Surprisingly, we did not see a sigificant difference in the total procedure time in our statistical analysis. This might be because of a combination of different reasons. First of all, the study groups are rather small, with only 10 participants in the experts and novice groups. Regarding the total procedure times in the novice group, there is also a very high standard deviation of 687 seconds. These variations in combinations with the small study group might well explain the missing significance. The experts group, on the other hand, did not show a significant difference in total procedure time as well. This was not unexpected, because for experts, it can be assumed that laparoscopic skills are already so well trained that a significant difference in performing these skill tasks is unlikely. This might be different when performing actual surgery over a longer time interval of several hours.

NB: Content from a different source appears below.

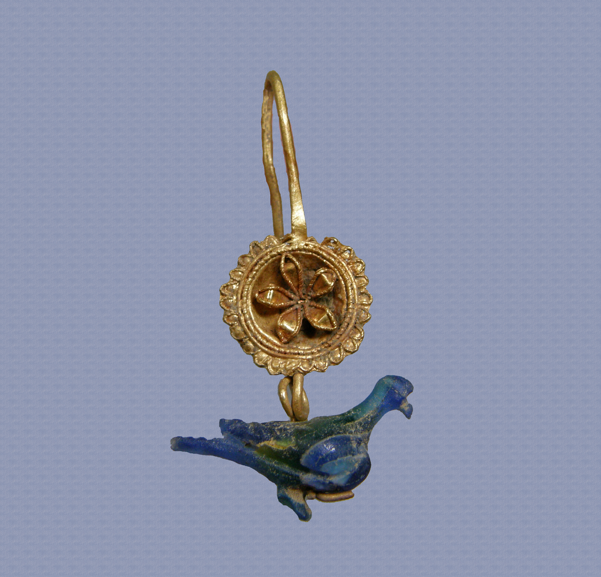 Χρυσό ενώτιο (σκουλαρἰκι). Αποτελείται από ένα ρόδακα πεντάφυλλο με περιφέρεια από λεπτό σύρμα και κοκκιδωτό περίγραμμα. Ο ρόδακας είναι κατασκευασμένος με τη συρματερή τεχνική και διακοσμημένος με μικρούς διαφανείς λίθους (διατηρείται ένας). Επανω φέρει στέλεχος ανάρτησης αγκύλο και από έναν διπλό δακτύλιο στο κάτω τμήμα του ρόδακα κρέμεται μικρό πτηνό, μάλλον περιστέρι, από γαλαζοπράσινη υαλόμαζα.

Based on the small sample size, slightly significant results should also be regarded noteworthy. The loss of rings or needles was slightly significant in both groups. In combination with the highly significant reduction of missed grasps in both groups, this seems to illustrate the most prominent benefit of the 3D imaging system in terms of depth perception and spatial orientation. The subjective impression of the 3D participants supports this assumption, because all of them reported a much better spacial resolution and depth perception. This benefit might well be even more substantial under realistic conditions when complex and detailed skills such as intracorporeal suturing or difficult dissection are needed.
Although it is a subjective judgement, all experts who worked with the 3D system reported that is more comfortable than working with conventional 2D systems, which might well result in less mental fatigue and strain.
Conclusions
The 3D imaging system seems to improve especially spacial orientation and depth perception during laparoscopic procedures even for expert surgeons. More studies with larger sample size and evaluation under actual surgical conditions are needed to show a marked difference from conventional laparoscopy.
Footnotes
Disclosure Statement
Prof. Knoll is a member of the advisory board for Schölly Fiberoptics, Germany. For the remaining authors, no competing financial interests exist.